FIFA Corruption: The logical outcome of professional sport

31 May

Everybody seems to be surprised AGAIN that FIFA is mired in a corruption scandal. The claims are that brown envelope payments and other bribes were made to FIFA officials so that they would support bids to host World Cups. What is surprising to me is that anyone is surprised. This is simply the logic of professionalised sport.

What most commentators seem to have forgotten is that FIFA actually OWNS international football. It is the central business, and national franchisees have signed up to FIFA’s business model in the same way that your local McDonalds is most likely run on a franchise basis by a local business person who has bought into the McDonalds business. And ‘bought into’ is the operative phrase here. National football authorities have given fealty to FIFA and are content to sit back and take the money from TV rights and sponsorship from major companies.

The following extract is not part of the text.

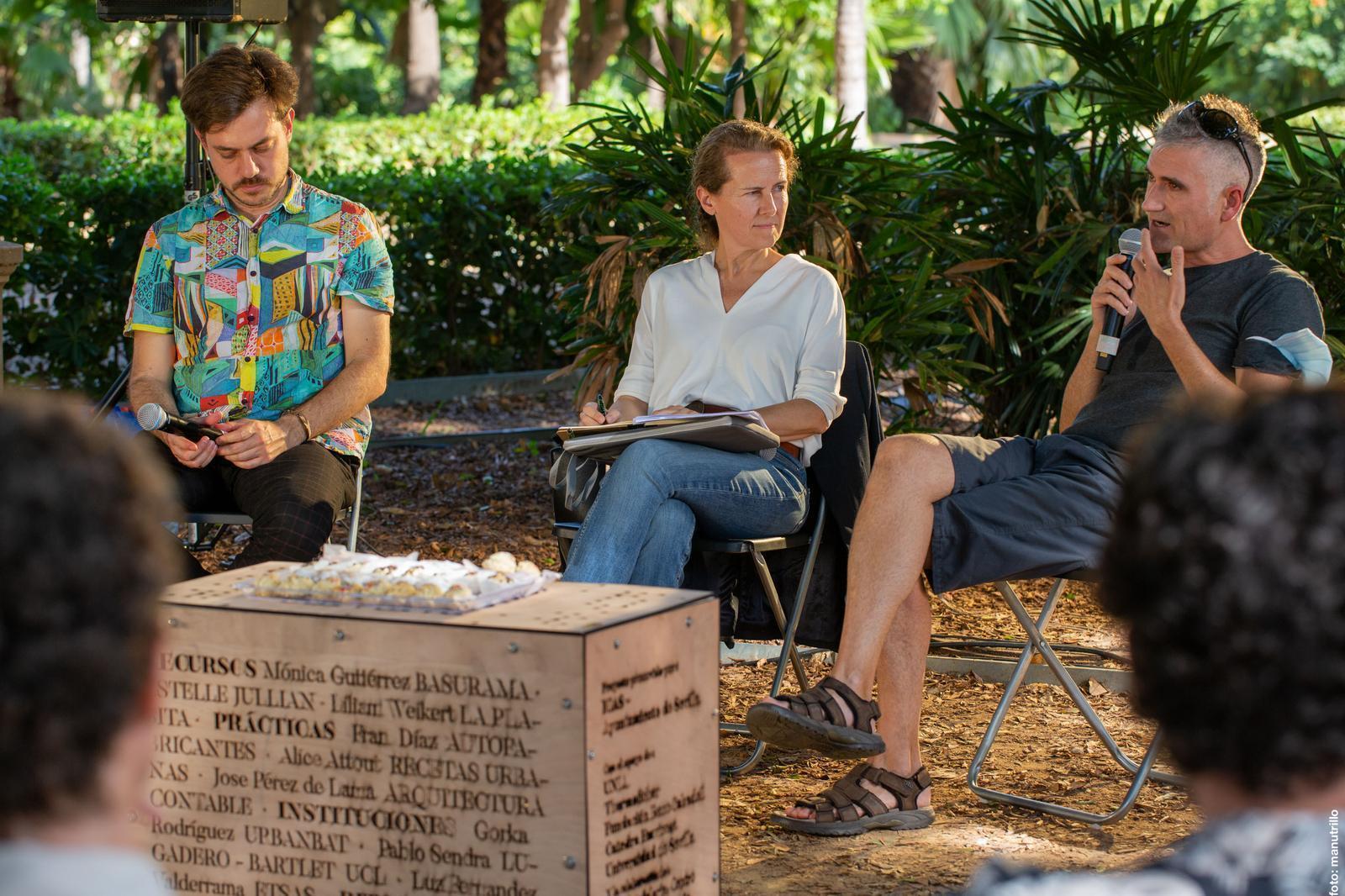 Por su parte, Gorka Rodríguez, también planteó su inquietud por la desafección con las instituciones. “Son culpables de allanar el terreno al neoliberalismo, de que tengamos un paisaje urbano herido, han sido las grandes aliadas de la desestructuración y desmantelamiento de los sistemas públicos. Pero me inquieta que se quiera hacer un agujero tan grande para que las instituciones caigan por él.” Continuó recordando que cargarse las instituciones forma parte del discurso neoliberal y que el reto es ser capaces de crear esos agujeros por los que entrar y transformarla, pero no hacerla desaparecer. También reconoció la importancia de contar con aliados dentro de la administración para lograr ese cambio. “Si no está ese funcionario que empiece a hakear el sistema operativo de la administración, es difícil, pero también hay que seguir contaminando desde fuera”. En este sentido recordó extituciones que han logrado que se produzcan cambios reales para la vida de las personas: la PAH o la plataforma de micromezenazgo Goteo. En cuanto a la posibilidad de lograr cambios desde dentro aludió a los programas de laboratorios promovidos por algunas instituciones.

Certainly businesses can (and should) be well regulated. They can be socially responsible too. But if a business is in a monopoly position, there are few incentives for it to care about scrutiny and probity. There is not a rival international football federation out there and the costs of setting one up (for example, of European teams breaking away and setting up their own international federation) would be prohibitive. Whatever the very many deficiencies of FIFA it has near universal membership – something that a new rival organisation would struggle to achieve.

All of this goes back to the logic of professional sport (that is, sport played for monetary purposes). The fundamental issue is not that FIFA is corrupt (or not), it is that it is designed to raise large amounts of revenue. Some of these revenues are raised legitimately, for example, through commercial sponsorship. But a lot of revenue seems to go to individual FIFA delegates. They are merely maximising their personal gain from a system that is about maximising gain. Since FIFA owns international football outright it is able to do what it wants and regulate itself as it wishes. The notion of sport somehow being a privileged zone that can be untainted by commerce and greed is absurd once that sport is monetised and professionalised. The problem began when FIFA got into the business of selling television and sponsorship rights for enormous profits. The delegates who filled their own bank accounts were merely following the lead of the Swiss-based organisation.

This is not to justify corrupt practices. It is merely to point out the logic of professionalised sports that are privately owned. Regulation can help (not all international sports seem as corrupt as football) but the issue of who actually owns the sport seems to be the crucial one.